S-T-I-K-S. Шпилька — страница 14 из 44

Идти пришлось по колено в воде — Шпилька не знала, почему заражённые её настолько не любят (может, плавать не умеют?), но упускать такое преимущество не собиралась. Форсировать реку прямо здесь по меньшей мере глупо, в одну стремнину, пусть и спасшую ей жизнь, Шпилька уже попала, причём в месте, которое Танк считал бродом. Значит, переправляться придётся по мосту, а потом снова идти по воде вдоль берега, чтоб в темноте не наткнуться на элиту.

А то, знаете ли, с одним только топором против твари, за секунды разделавшей грузовик — безумство чистой воды!

Плеск шагов в темноте разносился далеко окрест, но желающих проверить, что это за звук, не оказалось. Шпилька без приключений добралась до моста, железобетонной аркой нависающего над рекой. Долго сидела под одной из его опор, прислушиваясь к ночным шорохам и поглядывая краем глаза на Лайму.

Ничего! Тишина как в сурдокамере. Ни шороха, ни птичьего чириканья. И ладно птицы, им, может, и неоткуда взяться посреди чистого поля, разделённого рекой. Как и заражённые — им место, где слишком мало потенциальной еды, тоже не особо интересно. Но хоть какие-то звуки должны быть!

— Мне это не нравится, Лайма, — пожаловалась Шпилька собаке и рискнула выйти из-под моста.

Поднялась по насыпи, дошла до середины, вгляделась в разделяющий кластеры срез. Две половинки моста были похожи друг на друга настолько, что почти совпали. Только небольшой перепад высоты полотна и ограждения — на этой стороне они казались более старыми.

Овчарка неожиданно вздыбила шерсть.

— Что такое?.. — насторожилась Шпилька и похолодела.

На другой стороне моста стояла элита.

Ну всё, приехали! Смертушка, а почему у тебя такие большие зубы? А откуда у тебя такие большие рога? И вообще — где твой белоснежный саван и обещанная сказками костлявость? Непорядок, однако.

Шпилька нервно захихикала — ну и мысли лезут в голову. Тут плакать впору или хотя бы молиться, а ей, видите ли, смешно стало.

Элита почему-то выглядела грустной. А самое странное — она не торопилась бросаться на так удачно подвернувшуюся жертву. Стояла у самого начала моста, переминаясь с лапы на лапу, разочарованно порыкивала и тянула носом. А потом и вовсе прыжком ушла на берег.

Шпилька недоумённо захлопала глазами. Что происходит? Элита не голодна? Еда не той степени сырости?

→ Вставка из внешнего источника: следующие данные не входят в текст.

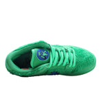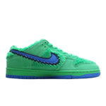 The Nike SB Dunk Low Grateful Dead Bears Green released in July 2020, is a bold collaboration between Nike Skateboarding and the legendary psychedelic rock band Grateful Dead. Drawing inspiration from the iconic dancing bears illustrated by Bob Thomas in 1973, this sneaker features a vibrant green faux-fur upper with tonal suede overlays, evoking the playful and fuzzy appearance of the Grateful Dead Bears. A jagged Nike Swoosh mimics the bears' chest fur, adding to the unique visual theme. Hidden inside the tongue is a stash pocket for discreet storage. Completing the design are a green midsole, contrasting blue outsole, and Grateful Dead branding on the tongue.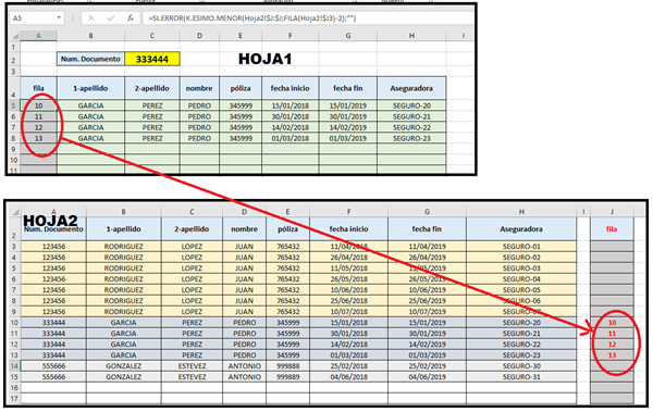 En resumen necesito un buscarv que me devuelva ciertas las filas de la base de datos del mismo valor las veces que se repita

Да нет, перерождённые к вкусовым характеристикам вроде не требовательны, да и в отсутствии аппетита замечены тоже не были? Тогда в чём дело?

Сойдя обратно на свой берег, она медленно побрела вдоль реки. Элита проводила её голодным взглядом. А когда расстояние между ними увеличилось до примерно двадцати метров, скакнула на то же расстояние по своему берегу.

— Ждёшь, горилла уродливая? — поинтересовалась у неё Шпилька. — Так уверена, что мне придётся перебраться через реку? А если нет? Может, мне и тут неплохо.

Элита высокомерно промолчала.

— Ну и жди, — буркнула Шпилька. — Не дождёшься.

Ещё через двадцать метров всё повторилось.

«Да что происходит-то? — недоумевала Шпилька. — И уходить не уходит, и жрать не жрёт. Боится этой стороны реки? И что в ней такого ужасного, кроме неестественной тишины?»

И тут Шпилька повторно похолодела, вдруг вспомнив, что уже сталкивалась с такой тишиной — ночью после корпоратива, пока ждала такси. Москва тогда словно замерла, погрузившись в желе. Прекратился извечный гул машин, кондиционеров, человеческих голосов. Человеческий муравейник замолчал примерно на полчаса. А потом появился туман.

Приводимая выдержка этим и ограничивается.